Woodburn City Council votes to ban public camping
"If it's predictable, it's preventable."
Woodburn Police Chief Jim Ferraris recently invoked that pithy maxim -- originally championed by 33-year California law-enforcement veteran Gordon Graham – to ignite an hour of discussion leading to the city's new approach toward addressing homelessness and its inherent peripheral issues.
During its Monday, Jan. 27, meeting, the Woodburn City Council unanimously passed a pair of ordinances presented as proactive measures to address homelessness. One ordinance prohibits camping on city rights-of-way, and an accompanying one provides for the removal of such camping sites and any accumulated debris.
A third council action authorized the city to enter a two-year agreement with humanitarian nonprofit Love INC for a Severe Weather Center Program. The city would provide $10,000 for the program, which would help provide a safe overnight shelter for house-less persons during severe weather conditions.
A list of stringent criteria must be met by those using the shelter, including no drugs, alcohol or contraband allowed.
City staff worked at an accelerated pace over the previous two weeks to construct the language and iron out the legalities of the proposed ordinances and the shelter agreement. In part, that quick work was prompted by observing problems the region's metro areas, roughly equidistant north and south of Woodburn, as those cities continue to wrestle with mounting homeless ordeals.
"If we wait to address these issues, it will become more difficult, or perhaps too difficult, to wrap our arms around the problems that come from this type of behavior." Ferraris said. "I really believe it is better to be proactive and adopt these ordinances now as opposed to waiting while the problem grows and manifests itself, thereby causing us to be reactive as opposed to being proactive."

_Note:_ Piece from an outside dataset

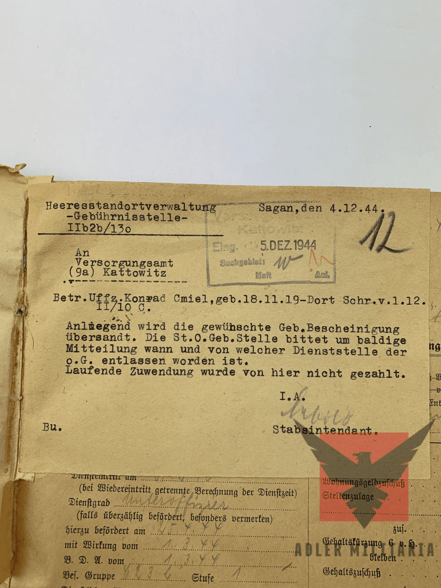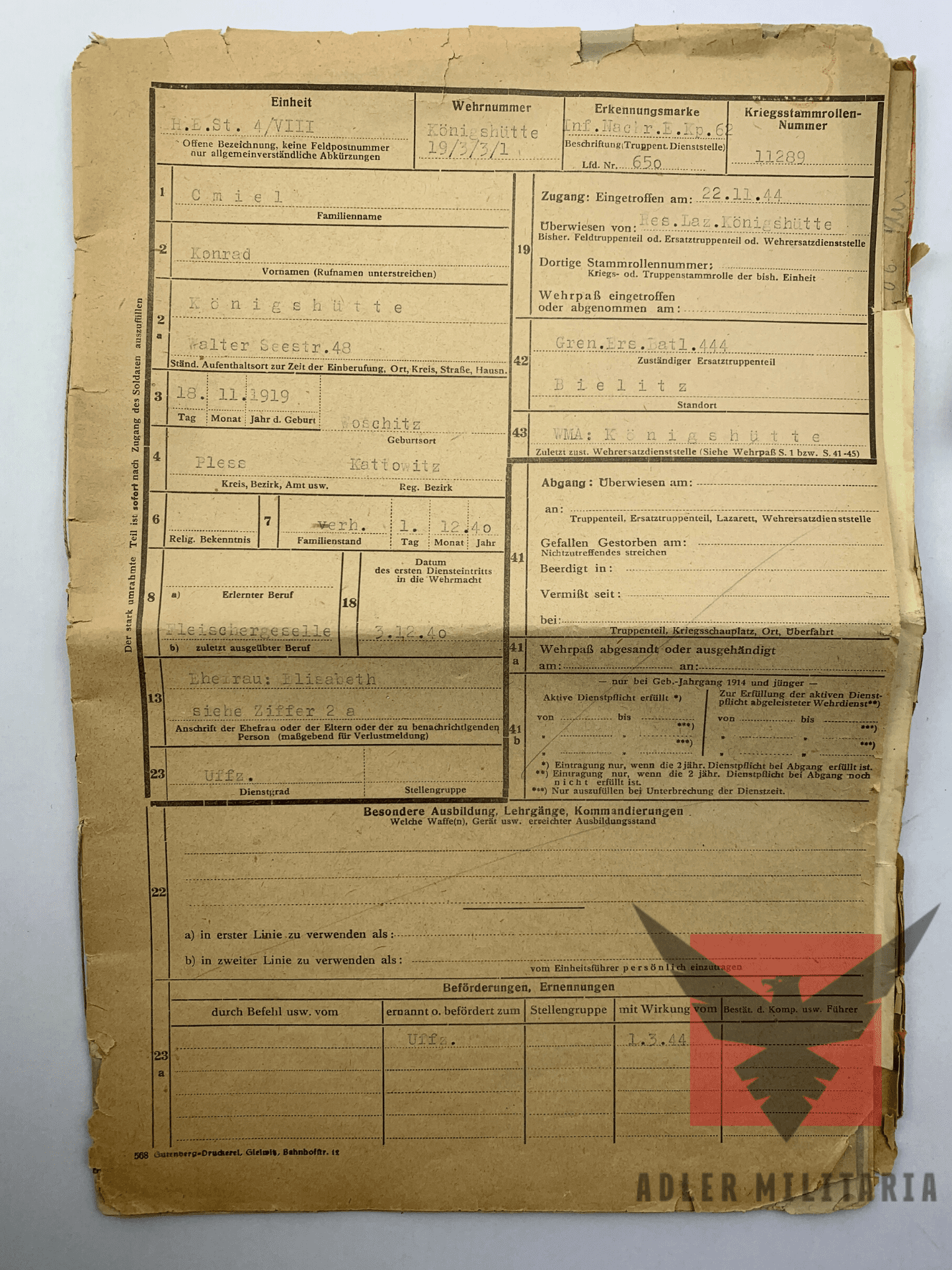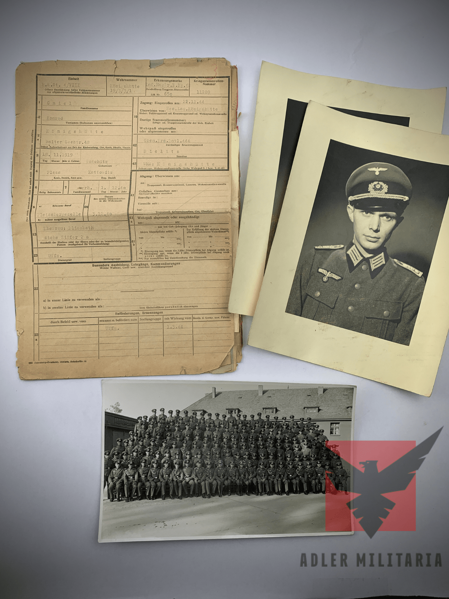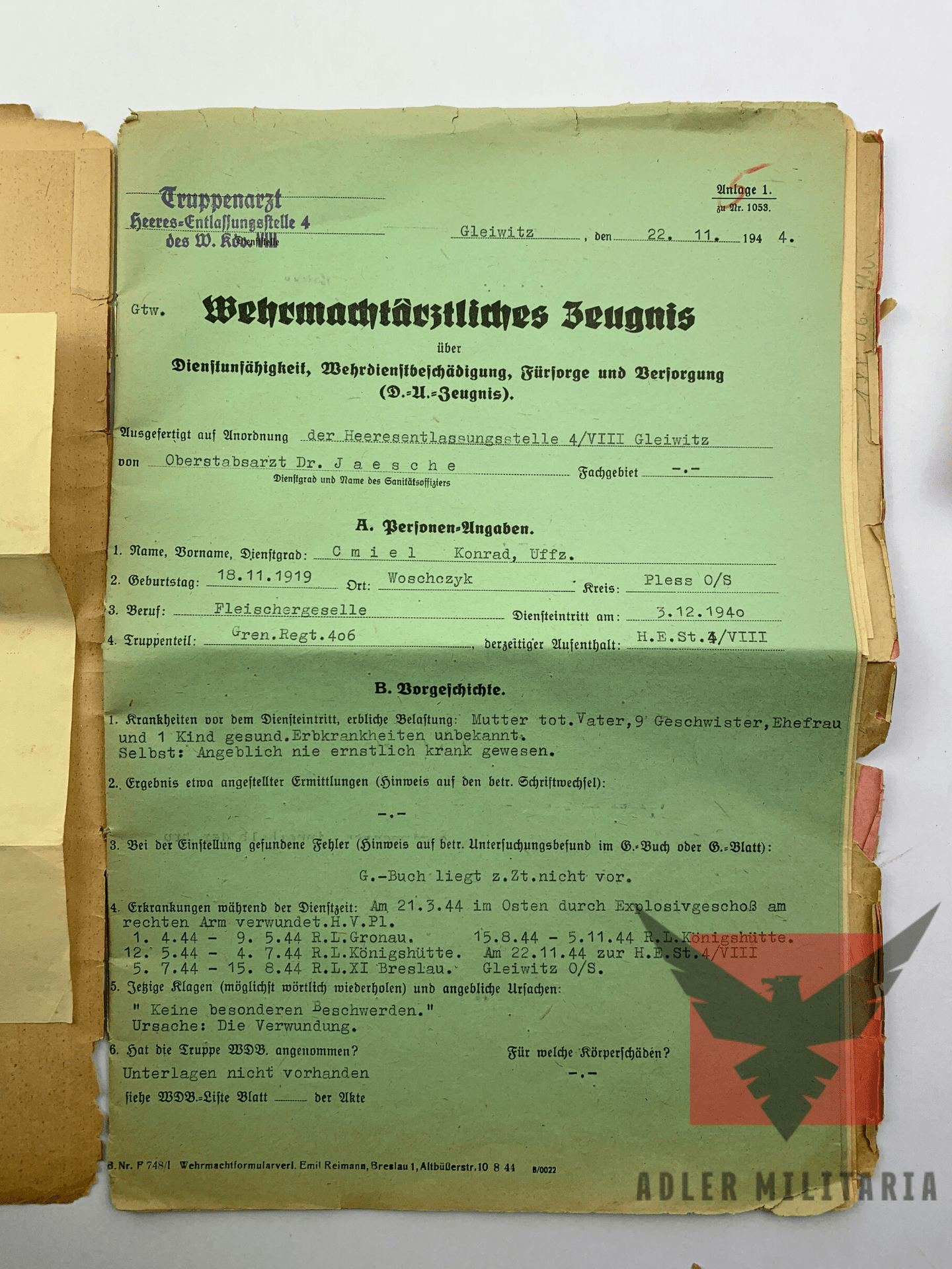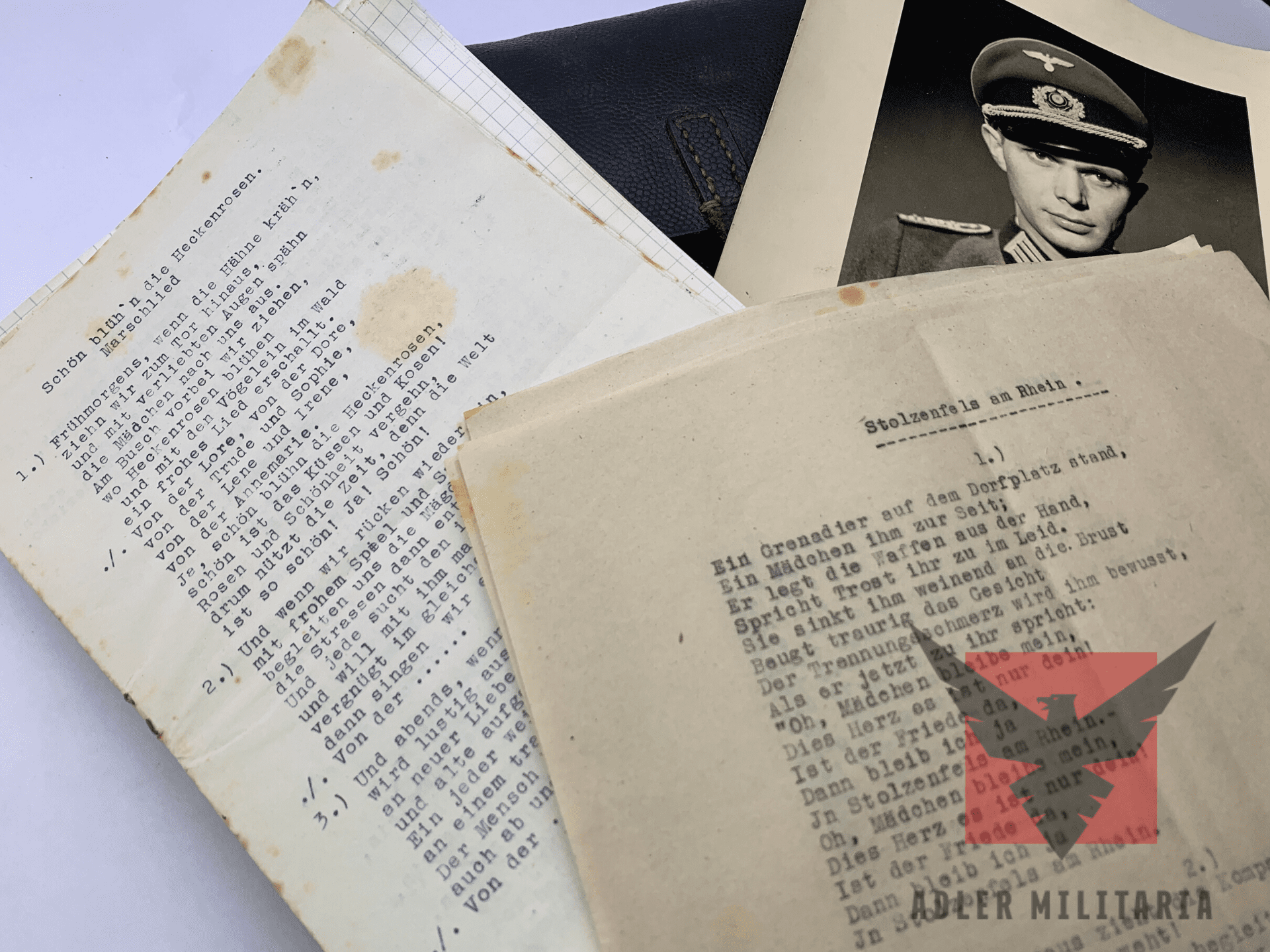 Contents: Uffz Cmiel suffered a serious wounding in Southern Russia an explosive round destroyed his right hand. It was so bad that he lost his lower arm. The contents go into depth on his war injury. Various Documents are official Wehrmacht documents and correspondence about his wounding and later discharge. A total of 15 Pages, all are official statements and assessments made by the Wehrmacht. Includes are two different hand typed German Army marching songs.

Ferraris, who has worked on both the Portland and Salem police forces, admonished the council two weeks earlier that Woodburn is not immune to the issues and eyesores exacted by a swelling homeless population, which have become highly visible in the Willamette Valley's metropolitan cities.
During the first council meeting of the year Ferraris and City Administrator Scott Derickson both advised the panel of the proposals they were constructing, stressing that they are aimed at preemptively dealing with the issue.
Perhaps chief among the expressed concerns surrounding the proposals was location: where would a shelter be established, and could it be in my neighborhood? A parallel concern revealed trepidation about the shelter luring homeless into Woodburn from elsewhere.
The proponents said that partners in the proposal will include some area clergy and their churches. They also indicated that there is not likely to be one set shelter; the shelter site may rotate among partners, perhaps at different churches. The plans also call use of public transportation to convey the homeless in need to the designated shelter and away from it in the morning.
With that format, most shelter users would be referred by public safety personnel, clergy or humanitarian entities such as Love INC.
Several homeless advocates joined the discussion, and all proposal proponents emphasized that the policies are designed to help those in need, not enable those who may exploit the resource without working toward changing their living conditions. The required conditions for using the shelter serve as a deterrent to exploiters.
A Love Inc. representative, Curt Jones, pointed out that even the Union Gospel Mission has similar stipulations, and it consistently has empty beds since many chronic homeless choose not to abide by those requirements, possibly due to their substance abuse.
City Councilor Debbie Cabrales questioned whether the no-camping ordinance, which carries a maximum fine of $250 for violators, would be effective since it's directed at people with modest-at-best means.
"If they are already homeless how are they going to find the resources to pay for a that; what resources do they have to pay it?" Cabrales posed.
Ferraris said the point of emphasis with the ordinance would be compliance. The "campers" would be given a notice. Social services would become involved, and all efforts would be made to persuade them to voluntarily break camp before a citation would be issued.